WEEKLY AI NEWS: RESEARCH, NEWS, RESOURCES, AND PERSPECTIVES

AI & ML news: Week 20–26 May

Google AI summary issue, Apple's new features, OpenAI changing the new model voice, and much more

Salvatore Raieli
18 min readMay 28, 2024
Photo by Hayden Walker on Unsplash

The most interesting news, repository, articles, and resources of the week

Check and star this repository where the news will be collected and indexed:

You will find the news first in GitHub. Single posts are also collected here:

Weekly AI and ML news - each week the best of the field

44 stories

Research

  • LoRA Learns Less and Forgets Less.
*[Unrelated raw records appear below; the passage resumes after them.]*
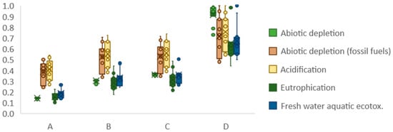 For examining the influence of the company classes on the environmental performance of the green concrete, Figure 3 and Figure 4 shows the distribution of the result of the normalized impact by the classes.
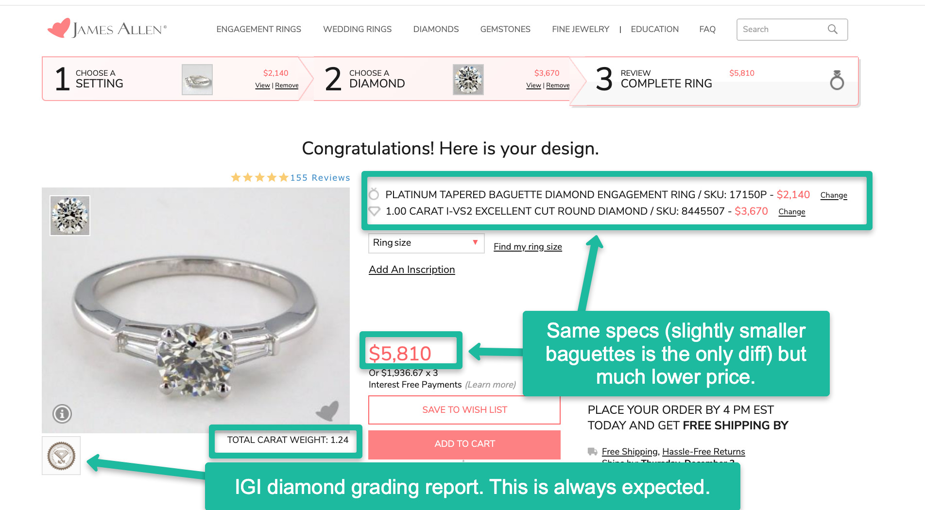 You’ll see that James Allen of course also offers an IGI diamond grading report. (You can also find, at James Allen, similar diamonds with a GIA grading report, which is the industry “gold standard.”)
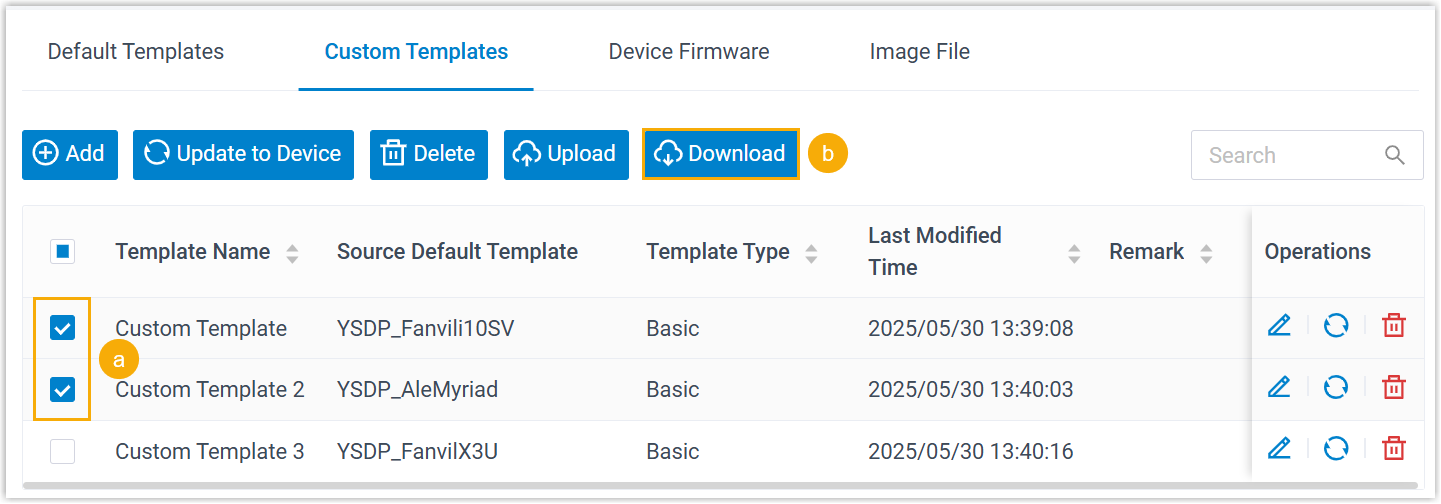 beside the desired template. - To update the configuration of multiple templates, select the checkboxes of desired templates, click Update to Device.
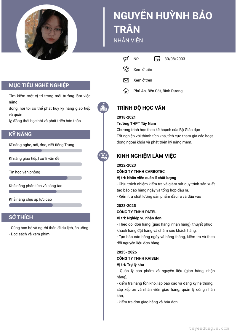 Mở xem thông tin đầy đủ ứng viên Nguyễn Huỳnh Bảo Trân chỉ với 2 điểm. Ứng viên được cập nhật ngày 30/03/2026
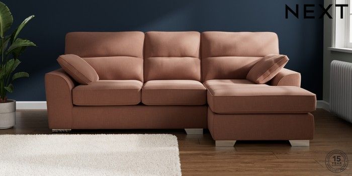 7.2.10 Buy Stamford Highback Medium Sofa Chaise - Right Hand Relaxed Linen Look Light Rust Brown Large Square Angle - Chrome Metal from the Seasons online shop Click here to use our website with more accessibility support, for example screen readers
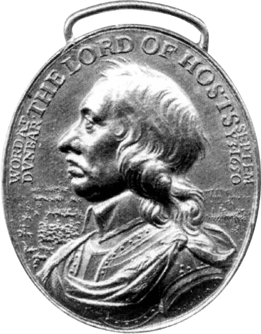 Parliamentary medal for the battle of Dunbar, 1650. Cromwell asked that only Parliament â as the overall source of authority â be shown on the medal, but in the end the Commons decided to add his effigy as Lord General of the forces that decisively defeated the Scots. The medal has some claim to be the first intended general issue.
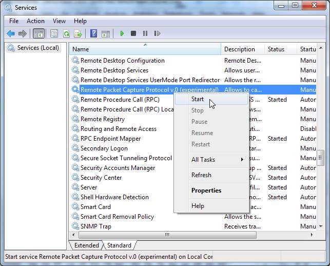 Po zainstalowaniu otwórz okno Usługi na komputerze zdalnym - kliknij Start, wpisz services.msc w polu wyszukiwania w menu Start i naciśnij Enter. Znajdź plik Protokół zdalnego przechwytywania pakietów usługi na liście i uruchom ją. Ta usługa jest domyślnie wyłączona.
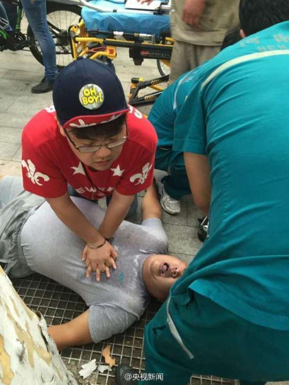 8月9日18點(diǎn)30分,鄭州人民醫(yī)院男護(hù)士李笑展在趕赴約會的路上,見路邊一50多歲的先生倒地,口唇發(fā)紫呼吸困難,他立即上前對其采取了胸外按壓急救措施;待急救車趕到,他協(xié)助救援,直到病人病情穩(wěn)定才離開。 央視記者 邱寶華 圖片來源:央視新聞微博
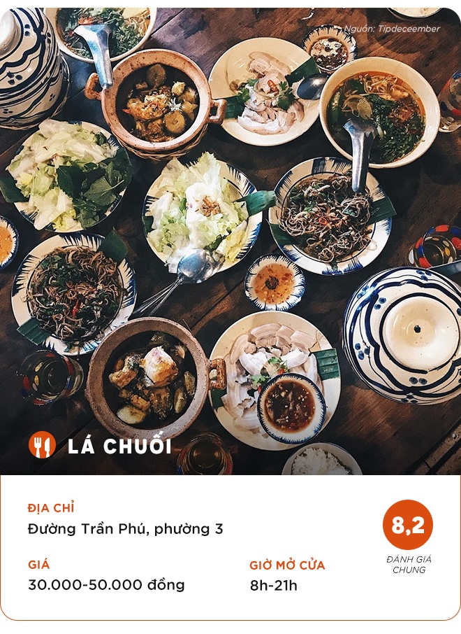 Tọa lạc trên con đường Trần Phú, Lá Chuối cũng là một trong những địa chỉ “chuẩn cơm mẹ nấu” được thực khách lựa chọn khi đến đến Đà Lạt. Quán mang phong cách riêng, thiết kế hoài niệm, xưa cũ cộng hưởng với tên quán gần gũi, mộc mạc tạo cảm giác ấm cúng.
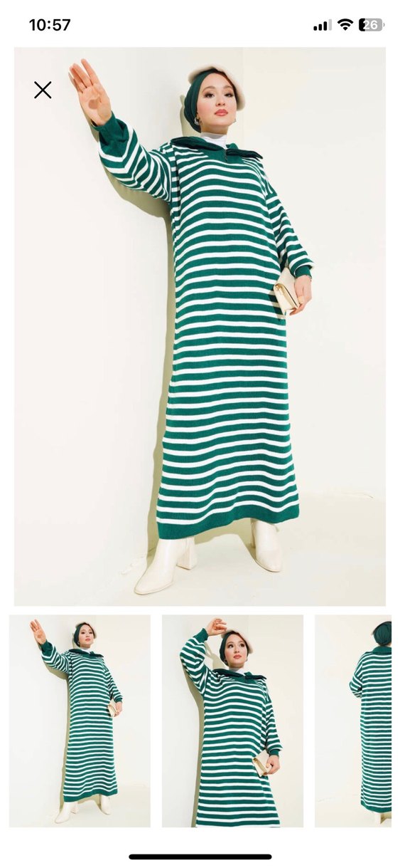 Uzun boy, yüksek yakalı ve uzun kollu, rahat kesimli yeşil-beyaz çizgili triko elbise, günlük kullanım için uygundur.
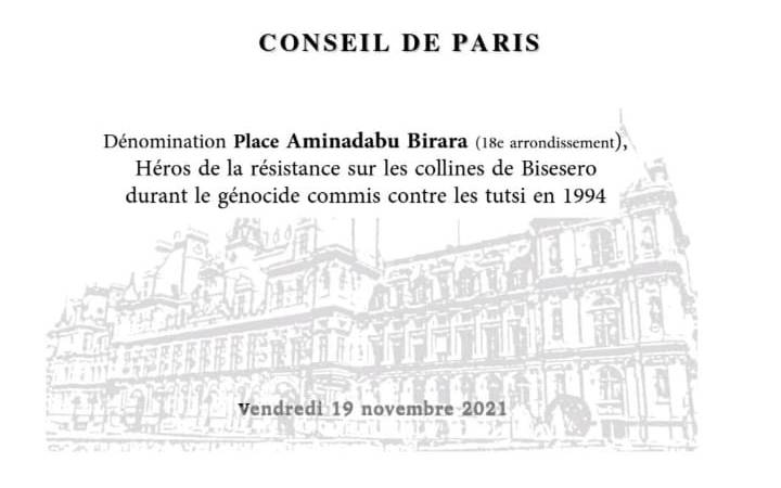 Ce vendredi 19 Novembre 2021, le conseil de Paris a approuvé la dénomination d’une place située dans le 18ème arrondissement de la capitale au nom d’Aminadabu Birara. C’est sous son leadership que la résistance à Bisesero contre les civils, les militaires et les Interahamwe s’est organisée.
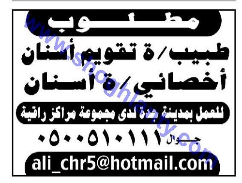 يعلن أحد المراكز الطبية بمدينة جدة بالمملكة العربية السعودية عن حاجته لشغل وظيفة طبيب أو طبيبة أسنان فى أحد فروعه، وعلى الراغبين فى الحصول على وظيفة ارسال السيرة الذاتية على الايميل التالى:- [email protected].
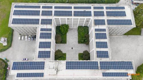 在技术应用层面,系统采用了高效能的635Wp单晶硅光伏组件,其光电转换效率较以往技术提升约20%。通过半导体P-N结技术,组件能够将太阳光能高效转化为直流电能。同时,学校还为整套系统配备了远程监控与智能运维平台,实现了发电情况的实时监测与高效管理,确保系统稳定运行。
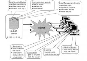 رویکرد سوم شامل توسعة مستقل است. نرمافزار تخصصی که به مشتری اجازه میدهد با استفاده از زیرساخت اینترنت با سرور ارتباط برقرار کند، نمونهای از اینگونه معماریها میباشدـ نمونة اولیة نرمافزار برای درک فضایی و سیستم پشتیبانی تصمیم (SUDSS) (جانکوسکی و استاسیک،1997،استاسیک،1999). SUDSS بر اساس معماری مشتری- سرور است (شکل 3.12 را ببینید). جزء سرور که تحت سیستمعامل MS Windows NT 4.0 کار میکند، وظایف مدیریت پایگاه داده را انجام میدهد. مؤلفة کلاینت (کاربر) که تحت سیستمعامل MS Windows 95 کار میکند، یک برنامة کاربردی مستقل است که با پایگاه داده روی سرور ارتباط برقرار میکند. تبادل داده بین نرمافزار مشتری SUDSS و سرور SUDSS، تنها بر اساس پروتکل TCP/IP است. ارتباطات مبتنی بر TCP/IP با استفاده از انتقال داده با سوئیچ بسته، اتصال مشتری- سرور قابل اعتماد را فراهم میکند. یک ضعف بالقوة پروتکل از این واقعیت ناشی میشود که ممکن است در بالای پروتکلهای سطح پایینتر و کمتر قابل اعتماد، عمل کند. این ممکن است در صورت انتقال چندرسانهای (بهخصوص زنده) مشکل ایجاد کند. با این حال،
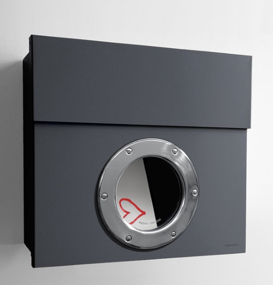 Der Klassiker Letterman I (40 x 34 x 11,5cm) von Radius designd by Michael Rösig.Das markante Bullauge macht das Modell zu einem echten Hingucker – und ist praktisch dazu. Verrät es doch auf einen Blick, ob der heiß ersehnte Loveletter schon angekommen ist. Inkl. Namensschild aus Edelstahl, Schloss mit zwei Schlüsseln und Sichtschutzklebefolie.
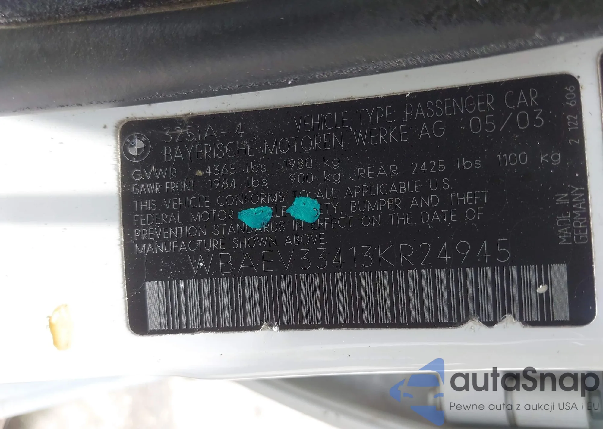 VIN: WBAEV33413KR24945
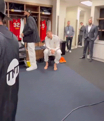在今年全明星赛前,作为队友的约基奇发现文班在更衣室的书时询问道:“你居然真的带了一本书?”文班轻松回答道“我每场比赛前都会阅读”,随后约基奇似乎想起了什么开心的事情后久久难掩笑容。
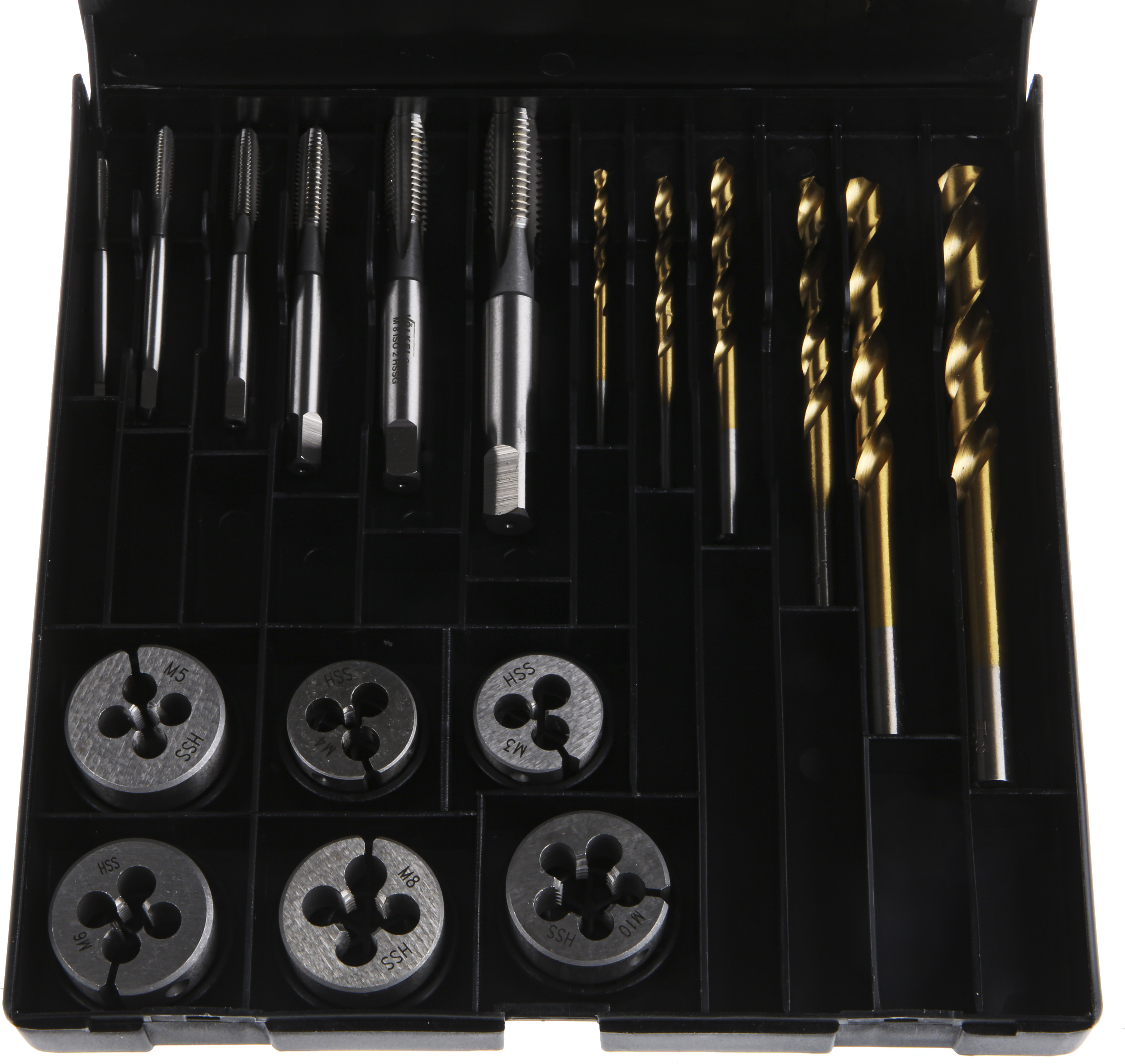This is HSS Tap & Drill Set M3 to M10 manufactured by RS Pro. The manufacturer part number is 506-4267. This is a type of threading tap set, a set with user-desired tools. It has a typical thread size of m3 → m10. The product is made from highly stable and reliable hss. The product consists of 18 pieces.
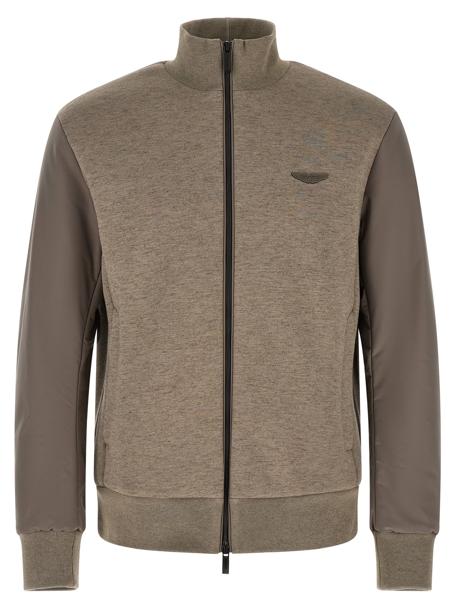 Boss x aston martin 'shepherd 242' bomber jacket in viscose and wool blend mélange with tone-on-tone nylon sleeves and stretch ribbed knit details, Slightly padded nylon lining, Logo patch and front zip closure, High neck, Pockets, Long cuffed sleeves, And headband. Size and Fit - true to size fit
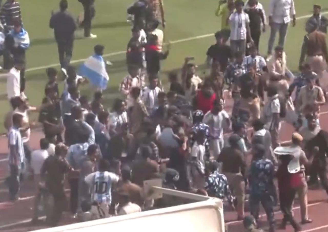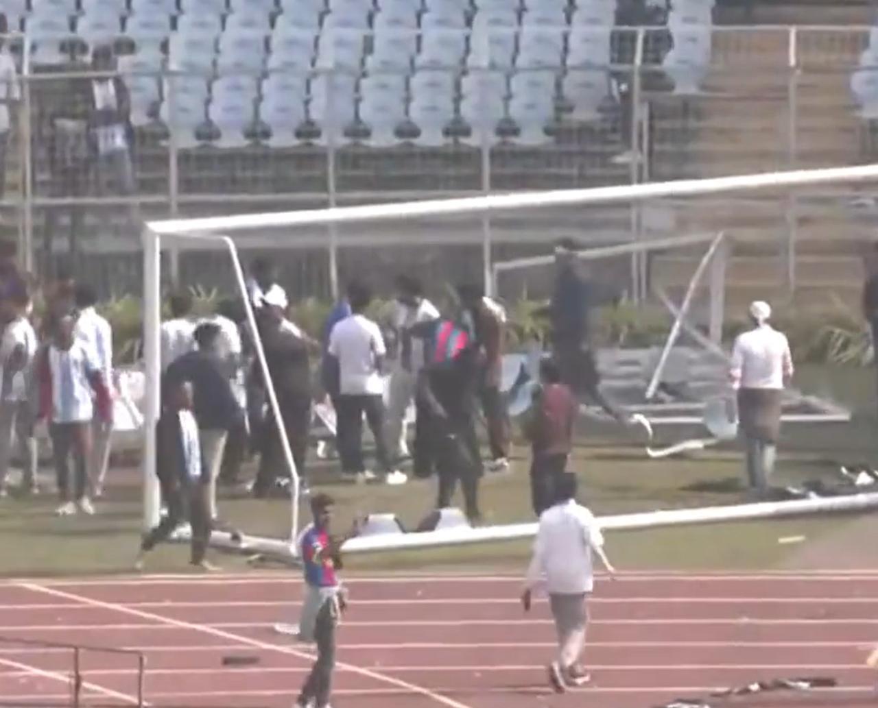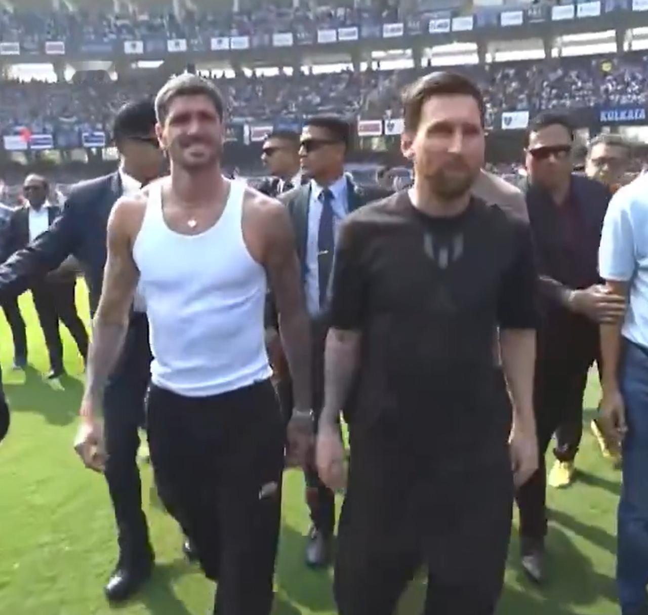 果然很印度。 梅西印度行,只在球场待了10分钟,几乎还没有走完一圈,就被迫离开了。 因为是,印度的一些官员和随行人员,利用特权围在梅西身边合影。合完影还不算,他们的家人也过来合影。 这引起了现场球迷的严重不满。 于是,球迷开始闯入球场内。主办方见状,赶紧让梅西离开了。 从梅西出场到离开,前后只有10分钟。 眼看梅西走了,气愤不过印度球迷,干脆把球场给砸了。 看看图二,球门也未能幸免。
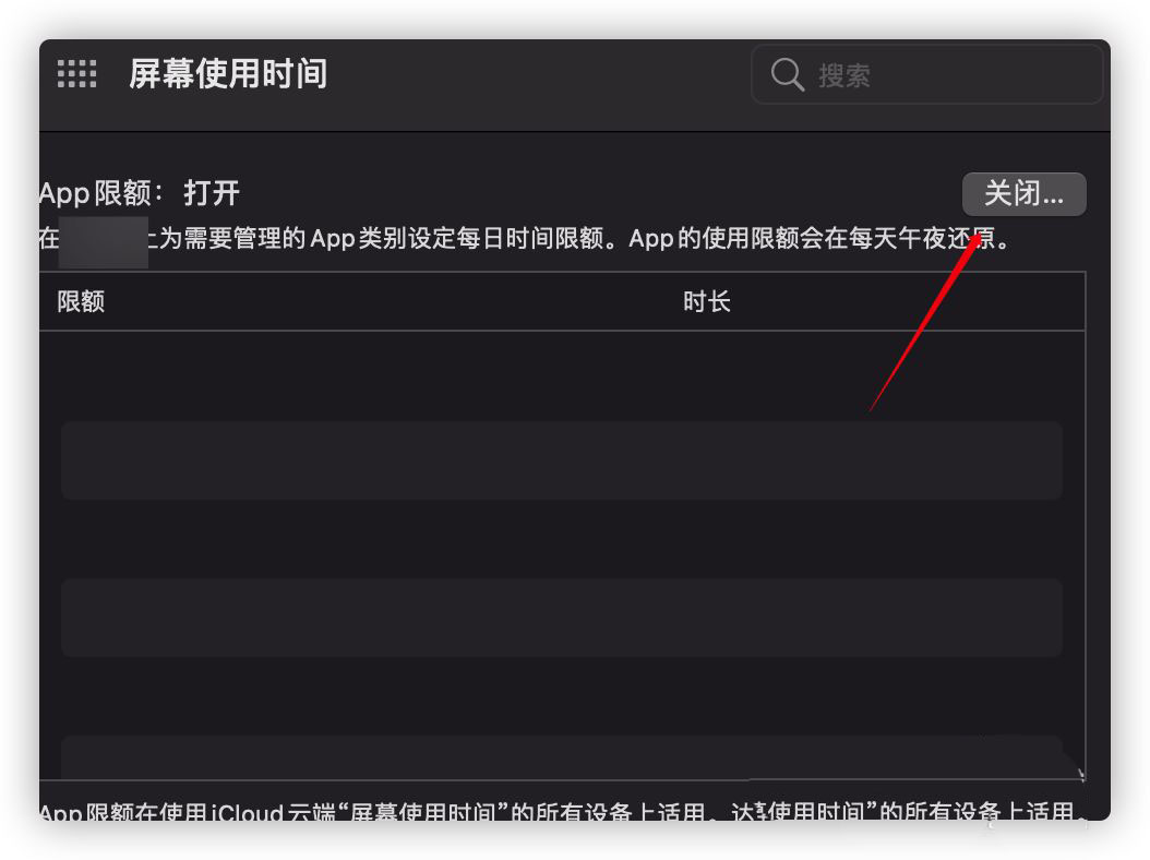 然后在右侧的面板中可以看到App限额当前是关闭的状态,点击按钮打开。
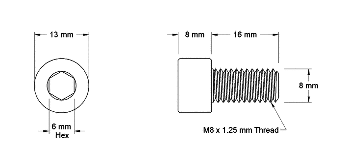 Left-Hand Thread sizeed High Strenght Socket Head Screw M8 x 1.25 mm Thread size, 16 mm Long
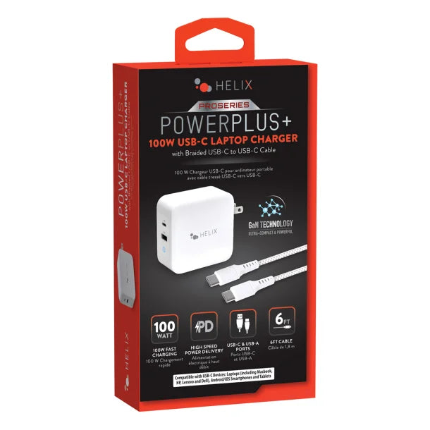 The HELIX Pro Series 100-Watt PD GaN USB-C® Charger with 6-Ft. Braided USB-C® to USB-C® Cable provides ultra-fast and efficient charging for your devices. Powered by GaN (Gallium Nitride) technology, this charger offers a compact and lightweight design without compromising on power. With 100 watts of power delivery, it is capable of charging laptops, tablets, smartphones, and other USB-C® devices quickly and safely. The included 6-foot braided USB-C® to USB-C® cable ensures long reach and durability, making it ideal for home, office, or travel use.
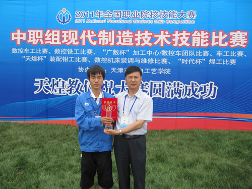 六月的天津,国人瞩目。六月的天津,捷报频传。在天津举行的“2011年全国职业院校技能大赛”中,我院宜渭锋同学代表陕西省参加中职组现代制造技术比赛。经过激烈角逐,顽强拼搏,荣获数控车项目比赛二等奖,这是陕西省参加全国职业院校技能比赛数控车项目取得的历史最好成绩。同时,我院参加“全国职业院校学生技能作品展洽会”也传来佳音,参展的六件学生技能作品,分别获一个二等奖、两个三等奖、三个优秀奖。 本届大赛由教育部、天津市人民政府、人力资源和社会保障部、工业和信息化部、住房和城乡建设部、交通运输部、农业部、文化部、卫生部、国务院扶贫办、中华全国总工会、共青团中央等16家单位共同主办。 中共中央政治局委员、国务委员刘延东,中共中央政治局委员、天津市委书记张高丽,全国政协副主席、中华职业教育社理事长张榕明、教育部副部长鲁昕等领导同志莅临赛场,慰问指导教师及参赛选手。本次大赛共设置16个专业类别55个竞赛项目,规模达到历届之最。来自全国37个省、市、自治区、计划单列市的近5000名选手同台竞技。全国职业院校学生技能作品展洽会汇集了240多个职业院校及企业的900多项作品,展现职教风采。

LoRA is a well-liked technique for enhancing models to add flair or expertise. The trade-off between forgetting and power while utilizing LoRAs is examined in this research. LoRAs are found to retain more of the initial “out of distribution” performance while learning less than full fine-tuning.
  • Chameleon: Mixed-Modal Early-Fusion Foundation Models. Like GPT-4o, Meta has unveiled Chameleon, a natively multi-modal model that works with both text and graphics at the same time. It performs better than a lot of other models. Since then, the Meta team’s work on internal models has greatly advanced.
https://arxiv.org/pdf/2405.09673
  • Mapping the Mind of a Large Language Model. Today we report a significant advance in understanding the inner workings of AI models. We have identified how millions of concepts are represented inside Claude Sonnet, one of our deployed large language models. This is the first-ever detailed look inside a modern, production-grade large language model. This interpretability discovery could, in future, help us make AI models safer.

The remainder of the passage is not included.